|HOME PATTERNS RAMBLINGS ARTICLES TALKS DOWNLOAD BOOKS CONTACT|
This chapter demonstrates how to compose routing and transformation patterns into a larger solution. We chose to model the process of a consumer obtaining quotes for a loan from multiple banks. We simplified the process a little bit so we can focus on a discussion of integration patterns as opposed to holding a lecture in consumer financial services. Based on the patterns that we defined we discuss and create three alternative implementations for this process, using different programming languages, technologies and messaging models.
Obtaining a Loan Quote
When shopping for a loan, a customer usually calls several banks to find the deal with the best possible interest rate. Each bank asks the customer for his or her social security number, the amount of the loan and the desired term , i.e. the number of months until the loan has to be paid off. Each bank then investigates the customer's credit background, usually by contacting a credit agency. Based on the requested terms and the customer's credit history, the bank responds with an interest rate quote to the consumer (or declines thankfully). Once the customer has received quotes from all banks, he or she can then select the best offer, i.e. the lowest interest rate.
Because contacting multiple banks with a loan quote request is a tedious task, loan brokers offer this service to consumers. A loan broker is typically not affiliated with any one bank but has access to many lending institutions. The broker gathers the customer data once and contacts the credit agency to obtain the customer's credit history. Based on the credit score and history, the broker presents the request to a number of banks that are best suited to meet the customer’s criteria. The broker gathers the resulting quotes from the banks and selects the best offer (i.e. the lowest interest rate) to pass back to the consumer.
Designing the Message Flow
We want to design a loan broker system using integration patterns in the previous chapters. To do this, let's first list the individual tasks that the loan broker needs to perform.
Let's have a look to see which patterns could help us implement the loan broker. The first step describes how the broker receives the incoming request. We cover this topic in much more detail in the following chapter on endpoint patterns. So for now, let's skip over this step and assume the message is somehow received by the broker. Now, the broker has to retrieve some additional information, i.e. the customer's credit score. A Content Enricher sounds like the ideal choice for this task. Once the broker has the complete information, the broker has to determine the appropriate banks to route the request message to. We can accomplish this with another Content Enricher that computes the list of recipients for the request. Sending a request message to multiple recipients and re-combining the responses back into a single message is the specialty of the Scatter-Gather. The Scatter-Gather can use a Publish-Subscribe Channel or a Recipient List to send the request to the banks. Once the banks reply with their rate quotes, the Scatter-Gather aggregates the individual rate quotes into a single quote for the consumer using an Aggregator.

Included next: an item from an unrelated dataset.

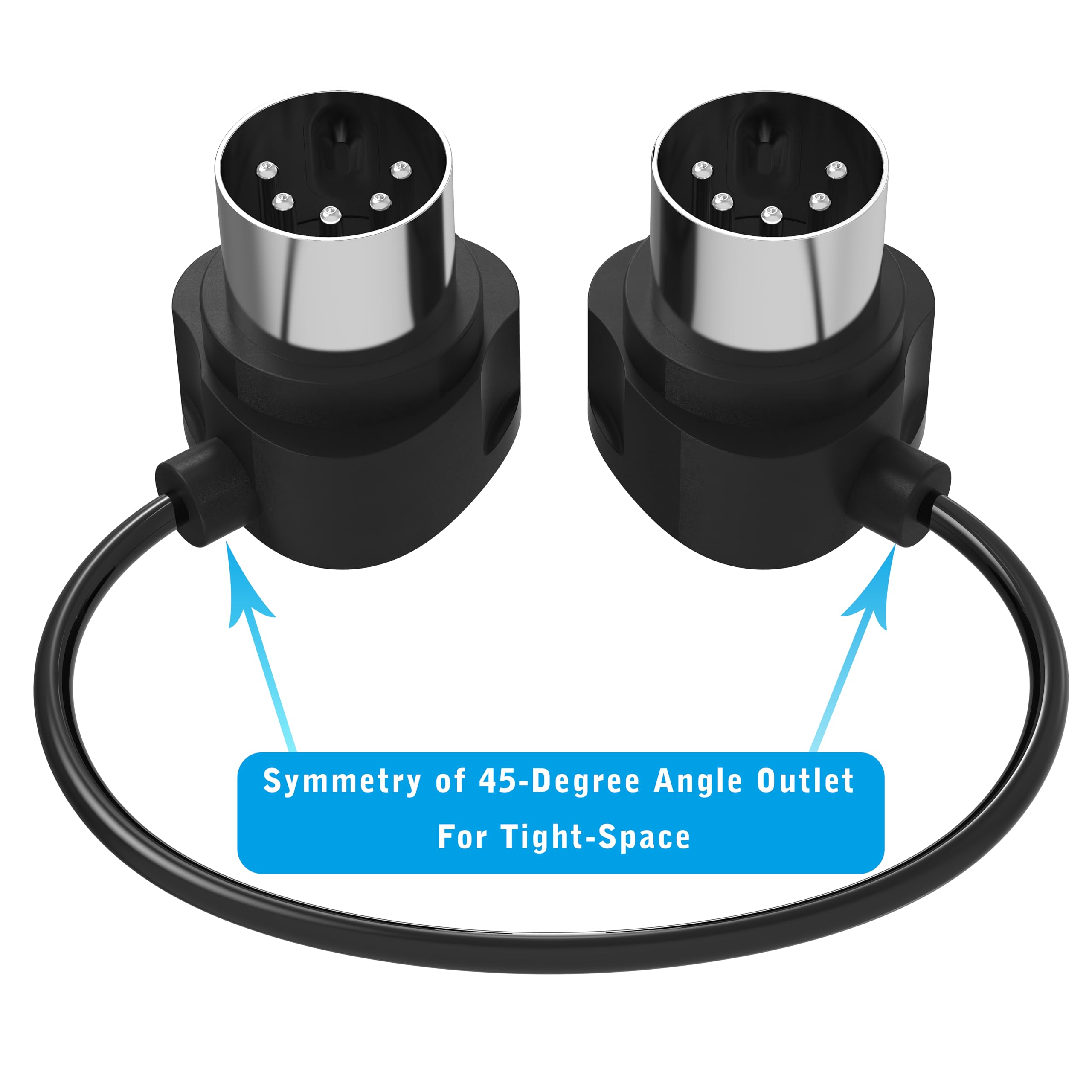 2 Pack x 1 Feet / 30cm 45-Degree Symmetry Angled Ultra-Small Plug midi cables. Designed by FORE, advanced cable construction to enable high-speed reliable MIDI data transmission, molded connector design increases durability and resists damage.

If we model the message flow using these patterns, we arrive at the following design:
We have not yet accounted for the likely event that each bank may use a slightly different message format for the loan request and response. Because we want to separate the routing and aggregation logic from the banks' proprietary formats, we need to insert Message Translators into the communication lines between the broker and the banks. We can use a Normalizer to translate the individual responses into a common format:
Sequencing: Synchronous vs. Asynchronous
So far, we have described the flow of the messages and the routing and transformation patterns we can use to describe the design of the loan broker component. We have not yet discussed the timing of the broker operation. We have two primary choices:
We can use UML sequence diagrams to illustrate the two options. The synchronous option implies a sequential processing of all loan requests (see picture). This solution has the advantage of being simpler to manage because we do not have to deal with any concurrency issues or threads. However, it is an inefficient solution because we do not take advantage of the fact that each bank possesses independent processing power and could be executing requests simultaneously. As a result, the consumer might have to wait a long time for an answer.

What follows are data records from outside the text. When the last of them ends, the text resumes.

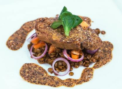 2.Чечевицу отварить с тимьяном и ложкой оливкового масла. Затем немного обжарить гарнир с рублеными луком и чесноком.
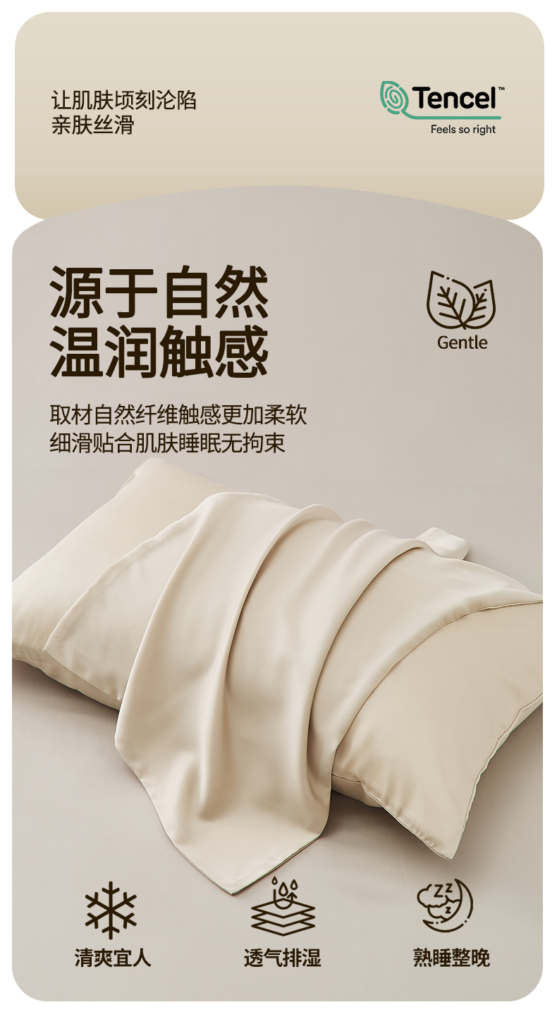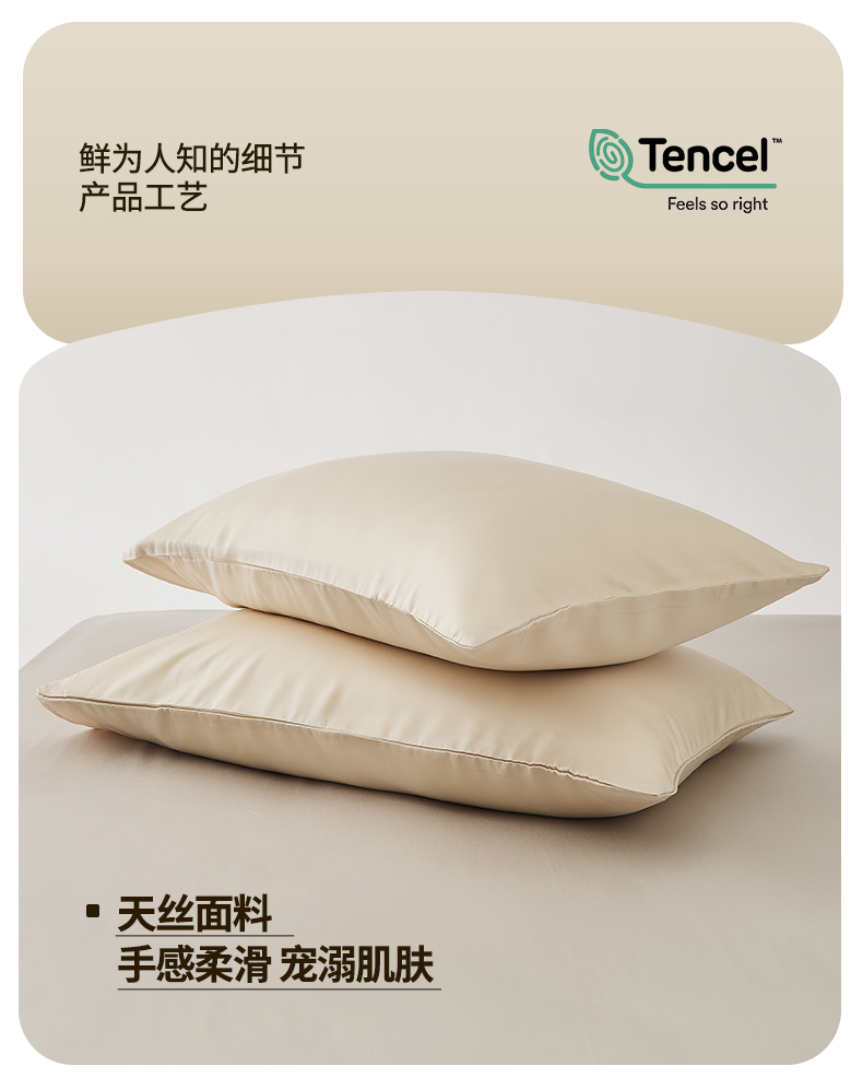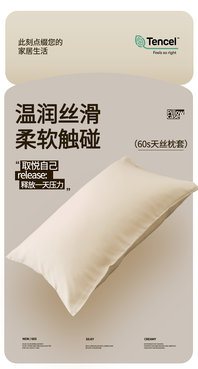 商品名称:禧缘家纺(原梦想家) 2025新款60天丝简约舒适纯色单品系列-单枕套 香槟金
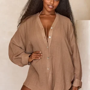 The ultimate beach to bar look can be achieved in the Barcelona Tunic. With an airy oversized fit. this transitional piece can be worn open. over your favorite swimwear or tied at the front with cute pants. Complete with side slits. flowy sleeves and center front seashell buttons.
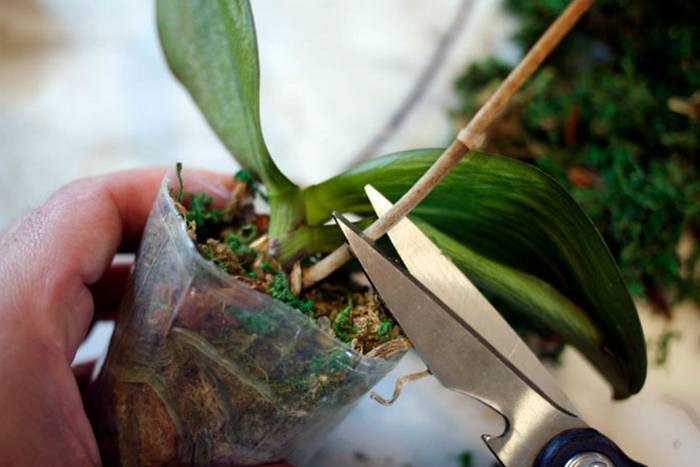 Изсушените корени и участъци с признаци на гниене трябва да се отрежат с дезинфекцирани ножици. Останалата част от коренището се потапя в предварително приготвен разтвор за 15 минути: 1 таблетка янтарна киселина се разтваря в 1 литър филтрирана вода. След това растението е напълно готово за трансплантация в нов субстрат.

The asynchronous solution issues all requests right away so that each bank can start processing. As the banks finish the computation, they return the results to the loan broker. This solution allows for a much quicker response. For example, if all banks take a similar amount of time to produce a loan quote, this solution is almost n times faster where n is the number of banks we are dealing with. The loan broker now needs to be able to accept the loan quote messages in any order because there is no guarantee that responses arrive in the same order that requests were made. The following sequence diagram illustrates this option. The half arrowhead on the loan quote requests indicate asynchronous invocations.

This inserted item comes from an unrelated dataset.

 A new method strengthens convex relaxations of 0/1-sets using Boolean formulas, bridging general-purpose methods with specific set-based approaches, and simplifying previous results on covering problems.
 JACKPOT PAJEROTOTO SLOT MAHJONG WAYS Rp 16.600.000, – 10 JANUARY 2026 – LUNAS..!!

Another significant advantage of using asynchronous invocation over a message queue is the ability to create more than one instance of a service. For example, if it turns out that the credit bureau is a bottleneck, we could decide to run two instances of the credit bureau component. Because the loan broker sends the request message to a queue instead of directly to the credit bureau component it does not matter which component instance processes the message as long as the response is put back onto the response channel.
Addressing: Distribution vs. Auction
Using a Scatter-Gather to obtain the best quote allows us to choose from two addressing mechanisms, a Recipient List or a Publish-Subscribe Channel. The decision primarily depends on how much control do we want to exert over the banks who are allowed to participate in a specific loan request? Again, we have a number of choices:
Which option is best for our scenario? As always, there is no simple "and the answer is...", but the choice is driven by both business and technical preferences and constraints. The first option is simple and gives the broker control over the list of banks. However, if new banks come and go frequently, the solution can result in an administrative burden. Also, the bank may not be happy to be receiving a bunch of irrelevant requests because each request incurs a certain internal cost for the bank. Also, to maintain the simplicity of this approach, the aggregation strategy is more likely to require banks to submit a response. Banks may want to reserve the right to withhold from the bid.
A distribution approach (using a Recipient List) gives the broker more control over which bank to involve in each loan request. This allows the broker to be more efficient by reducing the number of requests. It also allows the broker to prefer certain banks based on the business relationship. On the downside, it requires additional business logic to be implemented and maintained inside the loan broker component. Both the distribution and the fixed approach require a separate Message Channel for each participant in order to control the message flow.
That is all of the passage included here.